Google has added 10 new languages to its Google Translate service, increasing the total number of languages supported to 90.

These 10 new languages will allow more than 200 million additional people to translate text to and from their native languages. These languages are available now on translate.google.com and will roll out soon to our mobile apps and to the built-in translation functionality in Chrome.  

Google says that it is “just getting started” with the new languages – which span Africa, India, Southeast Asia and Central Asia – and is inviting people to use the Improve this translation link to suggest corrections and improvements. It is also encouraging feedback through the community site it launched in July.

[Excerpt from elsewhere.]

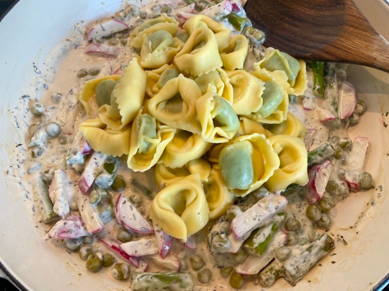 Ha i tortelloni rett fra kokevannet og vend det sammen med sausen før du har

The languages, with quick briefings by Google, are:

  • Chichewa (Chinyanja) is spoken by 12 million people in Malawi and surrounding countries. It is one of 55 languages used in the greetings that now travel the galaxy on the Voyager interstellar probes.
  • Malagasy is spoken by 18 million people in Madagascar, where it is the national language. It is one of only a few languages which puts the verb first in sentences, followed by the object and then the subject.
  • Sesotho has 6 million native speakers. It is the national language of Lesotho and one of 11 official languages in South Africa.
  • Malayalam (മലയാളം), with 38 million native speakers, is a major language in India and one of that country’s 6 classical languages. It’s been one of the most-requested languages, so we are especially excited to add Malayalam support!
  • Myanmar (Burmese, မြန်မာစာ) is the official language of Myanmar with 33 million native speakers. Myanmar language has been in the works for a long time as it’s a challenging language for automatic translation, both from language structure and font encoding perspectives. While our system understands different Myanmar inputs, we encourage the use of open standards and therefore only output Myanmar translations in Unicode.
  • Sinhala (සිංහල) is one of the official languages of Sri Lanka and natively spoken by 16 million people. In September the local community in Sri Lanka organized Sinhala Translate Week, and since then, participants have contributed tens of thousands of translations to our system. We’re happy to be able to release Sinhala as one of the new languages today!
  • Sundanese (Basa Sunda) is spoken on the island of Java in Indonesia by 39 million people. While Sundanese does have its own script, it is today commonly written using the Latin alphabet, which is what our system uses.
  • Kazakh (Қазақ тілі) with 11 million native speakers in Kazakhstan. We’ve received strong support from Kazakh language enthusiasts, and we hope to continue collaborating with the local communities in the region to add even more languages in the future, including Kyrgyz.
  • Tajik (Тоҷикӣ), a close relative to modern Persian, is spoken by more than 4 million people in Tajikistan and beyond.
  • Uzbek (Oʻzbek tili) is spoken by 25 million people in Uzbekistan. In addition to receiving Uzbek community support, we’ve incorporated the Uzbek dictionary by Shavkat Butaev into our system.